BLCO’s price to earnings ratio can be divided by its projected five-year growth rate, to give us the price to earnings, or PEG ratio. This allows us to put its earnings valuation in the context of its growth expectations which is useful because companies with low P/E ratios often have low growth, which means they actually do not present an attractive value.
When we perform the calculation for Bausch + Lomb, we obtain a PEG ratio of 15.14, which indicates that the company is overvalued compared to its growth prospects. The weakness with PEG ratios is that they rely on expected growth estimates, which of course may not turn out as expected.

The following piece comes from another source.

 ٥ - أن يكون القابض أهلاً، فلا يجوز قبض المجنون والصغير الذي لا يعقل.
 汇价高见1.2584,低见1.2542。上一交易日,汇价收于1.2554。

Bausch + Lomb's financial viability can also be assessed through a review of its free cash flow trends. Free cash flow refers to the company's operating cash flows minus its capital expenditures, which are expenses related to the maintenance of fixed assets such as land, infrastructure, and equipment. Over the last four years, the trends have been as follows:
Date Reported | Cash Flow from Operations ($ k) | Capital expenditures ($ k) | Free Cash Flow ($ k) | YoY Growth (%) |
---|---|---|---|---|
2023 | -17,000 | 181,000 | -198,000 | -216.47 |
2022 | 345,000 | 175,000 | 170,000 | -75.0 |
2021 | 873,000 | 193,000 | 680,000 | 152.79 |
2020 | 522,000 | 253,000 | 269,000 |
- Average free cash flow: $230.25 Million
- Average free cash flown growth rate: -39.0 %
- Coefficient of variability (lower numbers indicating more stability): 0.0 %
If it weren't negative, the free cash flow would represent the amount of money available for reinvestment in the business, or for payments to equity investors in the form of a dividend. While a negative cash flow for one or two quarters is not a sign of financial troubles for BLCO, a long term trend of negative or highly erratic cash flow levels may indicate a struggling business or a mismanaged company.

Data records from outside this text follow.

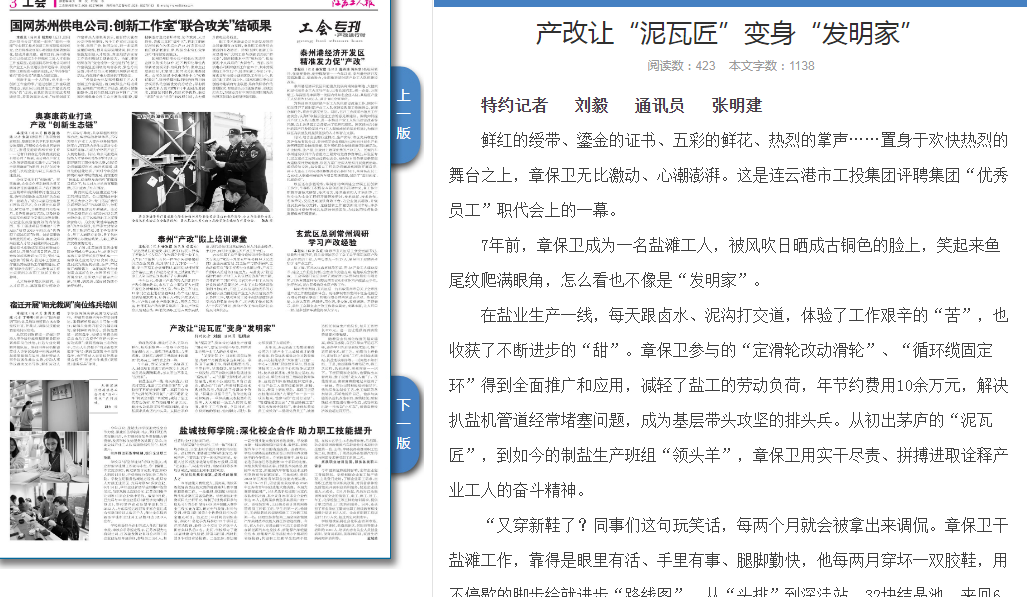 近年来,连云港市工投安博(中国)官方灌西公司为打通产业工人成长成才的身份壁垒、价值体现壁垒及学习教育壁垒,开办技能培训“大课堂”,打造“一中心+三基地”职业教育平台,即金蓝领技术工人培训中心和技能比武基地、技术创新基地、技能鉴定基地,构建公司、单位和班组三级职业教育体系、技能培训体系和技能评定体系,引导产业工人重在技能深耕、求精、拔尖、攀高上磨练塑造。章保卫正是在技能培训的“大课堂”中一步一步成长起来,他参与的“定时打卤泵”、“管道输送加压法”、“低温除硫工艺”等技术得到快速推广,也让他从普通员工成长为“二星级优秀员工”,被推选担任制盐生产班组长,每月工资增长800元。这一切让他获得满满的荣誉感和幸福感。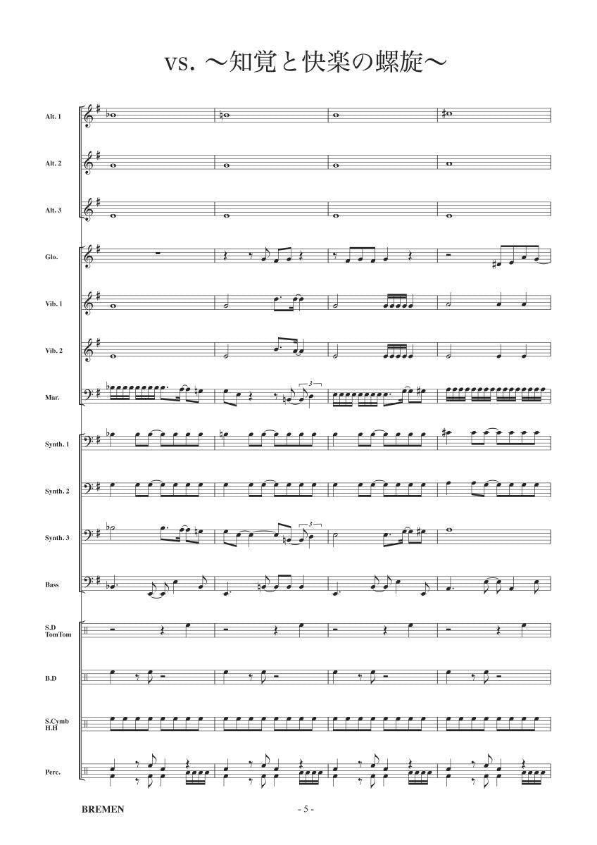 主な使用楽器:鍵盤ハーモニカ、グロッケン(鉄琴)、ビブラフォーン(鉄琴)、マリンバ(木琴)、シンセサイザー(電子オルガン)、ベース(低音楽器)、スネアドラム(小太鼓)、バスドラム(大太鼓)、パーカッション、ティンパニー等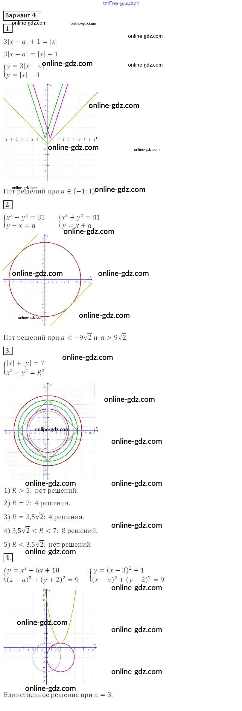 Готовые домашние задания по Алгебре за 8 класс Дидактические материалы Потапов, Шевкин МГУ - школе 2017 - СР №28. Графический способ решения задач с параметром Самостоятельные работы вариант 4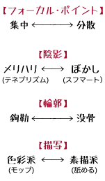 同様に、絵の輪郭やコントラストも「シャープ」と「ぼかし」の反復運動として捉えられる。陰影にメリハリをつけるのはテネブリズム(代表的な作家は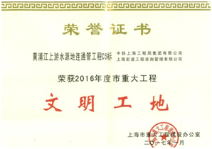 近日,从上海市重大工程建设办公室传来佳讯,由公司承建的上海黄浦江上游水源地连通管工程C5标项目荣获上海市“2016年度重大工程文明工地”称号,为公司再添荣誉。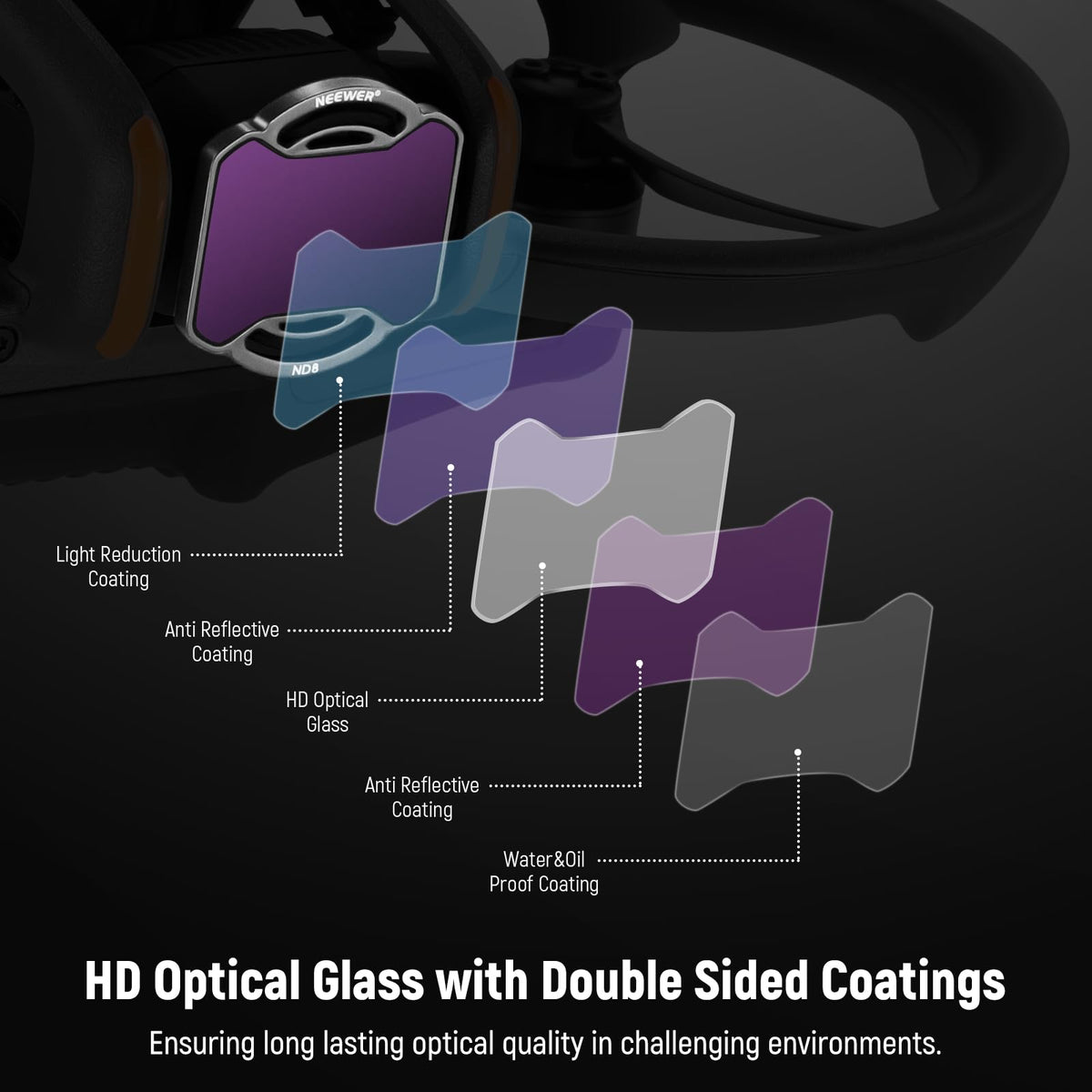 Q: What is the advantage of using multiple ND filters?A: Using multiple ND filters allows you to control the amount of light entering the camera, which is crucial for achieving balanced exposure in various lighting conditions. The NEEWER set provides light reduction options of 3 to 8 stops, enabling you to capture stunning motion blur and dynamic aerial shots.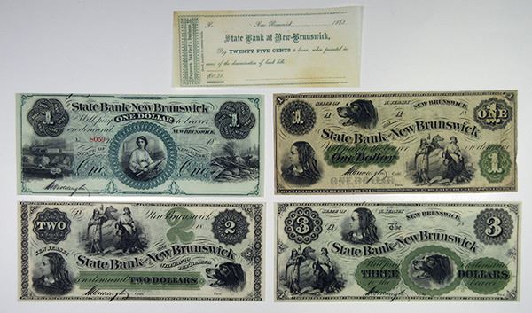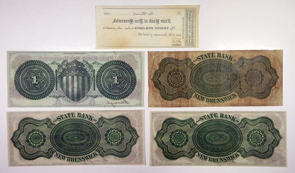 New Brunswick, NJ. Lot of 4 Notes, Includes 25 cents, Hagaman, Van Cleef & Dunham's; $1, $2, $3, 1862, Wait 1675, 1681, 1682, 1689, 1696, R-2, R-6. Fine to AU condition. (4)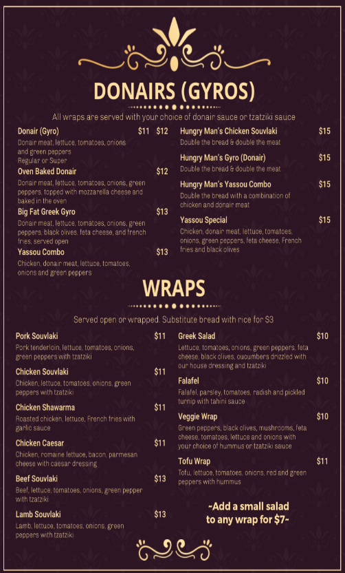 Welcome to Yassou Souvlaki & Donair, a culinary gem nestled in Fredericton, New Brunswick. This inviting eatery brings the heart of Greece to your plate with an array of mouthwatering dishes that capture the essence of Mediterranean flavors.
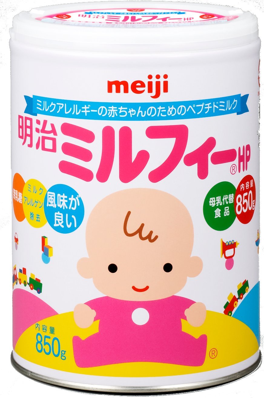 Japanese retail packaging ( Manual and instruction, if any, are in Japanese only. ) Net weight: 850g Size: diameter 135 * Height 181 (mm) Meiji'MIRUFI HP 850g for milk allergic babies is a milk for suckling infants with milk allergies, with a pleasant flavor that makes it easy to drink. It disassembles the whey protein that are also included in mother's milk, and lowers its allergenic properties (to 1/100th the levels of ordinary milk). The levels of bitter taste and acid odor are far lower than any other allergy-use milk on the market, and this makes it much easier for babies to drink. It contains absolutely no lactose. It is composed of fructo-oligosaccharides and nucleotides, which are easily digestable. Also, DHA-creating alpha-linolenic acid and linolenic acid are combined with good balance, so that the overall fatty acid composition is as close as possible to that of mother's milk. Care has also been taken to improve the digestion and absorption of fat, and minimize burden on the digestive tract. The osmotic pressure is also close to that of mother's milk. The soluble powder granules and convenient container make it easy to use for milk formula. This special utilization food product is approved by the Ministry of Health as a food product that removes milk allergens from food, and also as a lactose-free food.

Value investors often analyze stocks through the lens of its Price to Book (P/B) Ratio (market value divided by book value). The book value refers to the present value of the company if the company were to sell off all of its assets and pay all of its debts today - a number whose value may differ significantly depending on the accounting method.
Bausch + Lomb has a P/B ratio of 1.12. This indicates that the market value of the company exceeds its book value by a factor of more than 1, but is still below the average P/B ratio of the Health Care sector, which stood at 3.53 as of the third quarter of 2024.
With a negative P/E ratio., a lower P/B ratio than its sector average, and positive cash flows with a downwards trend, we can conclude that Bausch + Lomb is probably overvalued at current prices. The stock presents poor growth indicators because of its weak operating margins with a negative growth trend, and no PEG ratio.